THE ISSUE: Alabama legislators are suggesting a special session will be necessary to give them time to find ways to deal with a major shortfall in the General Fund. It’s an embarrassing claim, given the shortfall has been inevitable for years.

With four working days left in the 2015 session, the Legislature still has not done the one thing it is obligated to do under the state constitution: It hasn’t passed a budget.

That’s not to say it’s done nothing. It’s named bridges, commended couples on their anniversaries and basketball teams on their championships. It’s guaranteed religious expression in schools, whittled away at the authority of the state Board of Education, and found novel ways to reduce funding for public schools.

But still no budget.

To be fair, the House passed a budget. But most House members acknowledge it’s a sham, slicing $200 million from agencies that already are underfunded. The Senate has not passed a budget, and may not do so in the regular session.

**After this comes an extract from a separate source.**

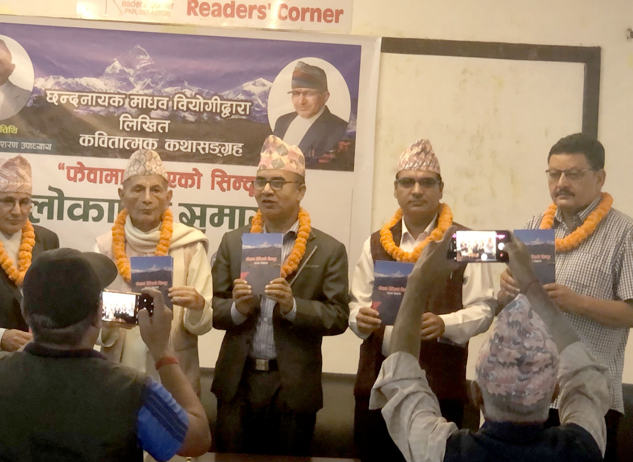 छन्दकवि माधव वियोगीद्वारा रचित फेवामा तैरिएको सिन्दूर नामक कवितात्मक कथासंग्रहको शनिबार पोखरामा लोकार्पण भयो । कविवर मुकुन्दशरण उपाध्यायले सो कृतिको लोकार्पण गर्दै छन्द बचाऊँ अभियान सञ्चालन गरी छन्दको पुनर्जागृतिमा विशिष्ट भूमिका खेल्ने वियोगीले छन्दलाई कथा लेखनमा समेत प्रयोग गरेर महत्वपूर्ण कार्य गरेको बताए । सो अवसरमा संस्कृतिविद् डा. कुसुमाकर न्यौपानेले ढुंगाढुंगा र पातपातमा छन्द बचाऊँ लेख्दै र प्रशिक्षण दिदैं सफलताको शिखरमा चढेका वियोगी लेखनमा नयाँ प्रयोग गर्न खप्पिस रहेको बताए ।

Leaders in the Legislature say it would be inappropriate to rush things. In one sense, they are right: The consequences of huge cuts would be devastating to the state, but tax increases should not be passed casually.

“Our caucus overwhelmingly believes we need to think this through,” Speaker of the House Mike Hubbard, R-Auburn, said last week.“We can’t just throw things against the wall and see what sticks.”

Had the shortfall in the General Fund been a 2015 surprise, the cautionary language of Hubbard and other legislators would suggest wisdom. Taking time to think through an unexpected problem makes sense, even if that means incurring the expense and uncertainty involved in a special session.

But this was not a surprise.

In fiscal 2010 and 2011, the General Fund received windfalls from the federal government, in the form of stimulus funds. In fiscal 2012, the General Fund enjoyed a one-time $266 million windfall as a result of past overpayments of oil and gas royalties to the Alabama Trust Fund.

With no other windfalls in sight, the lawmakers in 2012 convinced voters to allow the General Fund to borrow $435 million, payable in fiscals 2013, 2014 and 2015.

The fiscal 2016 budget shortfall is anything but a surprise. It has been inevitable since at least fiscal 2010, when the Legislature began relying on one-time windfalls to delay needed tax reform.

Lawmakers have for six years avoided facing the state’s fiscal reality, but now say they need a special session to give them more time to find solutions. That’s embarrassing.